Although detailed information on this segment of African prehistory is not abundant, data so far available reveal a succession of cultural transformations within the Savanna Pastoral Neolithic. The transformations seem to have been fostered by both environmental change and population movements. Among these changes was the apparent abandonment of the stone bowls at around 1,300 years before present.

Ancient DNA analysis of a Savanna Pastoral Neolithic bone excavated at the Luxmanda site in Tanzania found that the specimen carried a large proportion of ancestry related to the Pre-Pottery Neolithic culture of the Levant, similar to that borne by modern Afroasiatic-speaking populations inhabiting the Horn of Africa. This suggests that the Savanna Pastoral Neolithic culture bearers may have been Cushitic speakers. Further research has shown that the Pastoral Neolithic people, supported the previously identified three-component model: Chalcolithic and Bronze Age Levantine groups, Stone Age East African foragers, and individuals related to present-day Dinka.

==Language==
The SPN peoples are believed to have spoken languages from the South Cushitic branch of the Afroasiatic. According to Christopher Ehret, linguistic research suggests that these Savanna Pastoral Neolithic populations were the first Afroasiatic speakers to settle in the Central Rift Valley and surrounding areas. The region was at the time of their arrival inhabited by Khoisan hunter-gatherers who spoke Khoisan languages and practiced an Eburran blade industry. Recent genetic analysis of ancient remains has proven that the population of the Savanna Pastoral Neolithic were also responsible for the pastoralist Elmenteitan culture that lived in the Rift Valley during the same period.

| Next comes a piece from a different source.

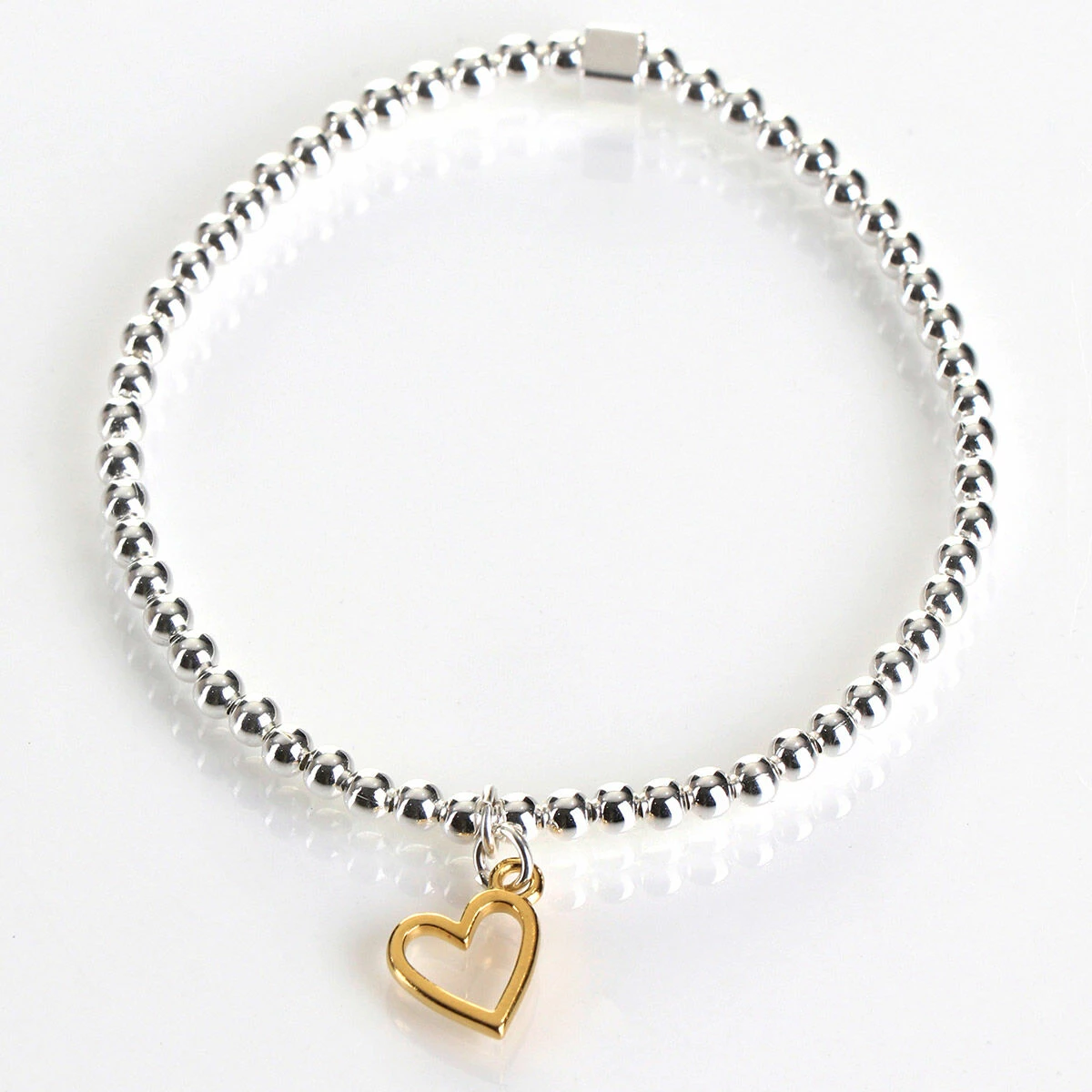 This utterly charming bracelet from Carrie Elspeth celebrates the special bond between a sibling and their sister. The bracelet features silver beads and an adorable heart shaped charm that is gold-plated and shimmers in the light. The bracelet stretches to fit over your wrist allowing it to be put on and taken off with ease.

The linguistic chronology of the historic population movements into the Central Rift Valley as well as the present and past distribution of Afro-Asiatic speakers further suggests that SPN peoples likely spoke South Cushitic languages. Ehret (1998) proposes that among these idioms were the now extinct Tale and Bisha languages, which were identified on the basis of loanwords. These early Cushitic speakers in the region largely disappeared following the Bantu Expansion.

==Distribution==
The Savanna Pastoral Neolithic culture was initially distributed at elevations below 1100 m in lowland northern Kenya (Lowland Savanna Pastoral Neolithic). Its range later extended to the highlands between central Kenya and northern Tanzania, at elevations above 1,500 m (Highland Savanna Pastoral Neolithic). The preferred settlement location for SPN sites was open wooded grassland on well-drained, gentle slopes of between 1,500 m to 2,050 m.

==Material culture==
The Savanna Pastoral Neolithic makers' characteristic stone bowls have been recovered from their occupation sites and burial cairns.

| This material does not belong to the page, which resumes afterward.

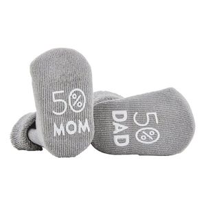 Gray with non-slip printing on bottoms. Features the phrase "50% Mom and 50% Dad".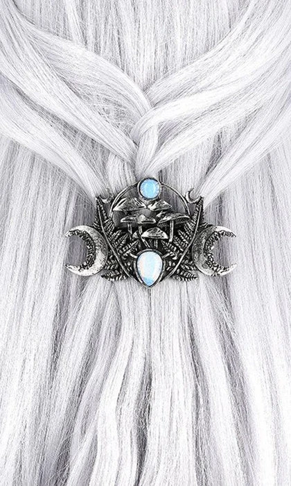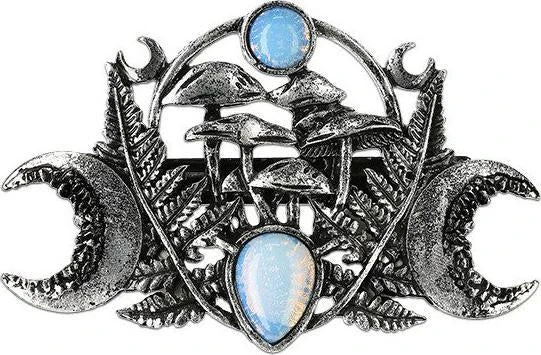 An intriguing creation composed of fern leaves, magic mushrooms and a crescents on the sides. Magic Forest Hair clip, perfect to give away, crafted in zinc alloy and embellished with moon stones.

Their material culture was typified by several pottery styles, up to three of which may be found at a single site. Early SPN herders in the Turkana Basin produced nderit pottery (previously known as Gumban A). The most diagnostic SPN pottery farther south is Narosura pottery, and some scholars group Akira (TIP), Maringishu (trellis motif), and herringbone-motif wares in with the SPN as well.

Regarding funerary tradition, the Savanna Pastoral Neolithic peoples erected stone cairns in open spaces, rock shelters, crevices or against walls. The deceased were buried with several items, including stone bowls, pestle rubbers and ochre palettes. Large obsidian blades and other tools were occasionally among the mortuary objects. Incisor removal was not a common feature of this population.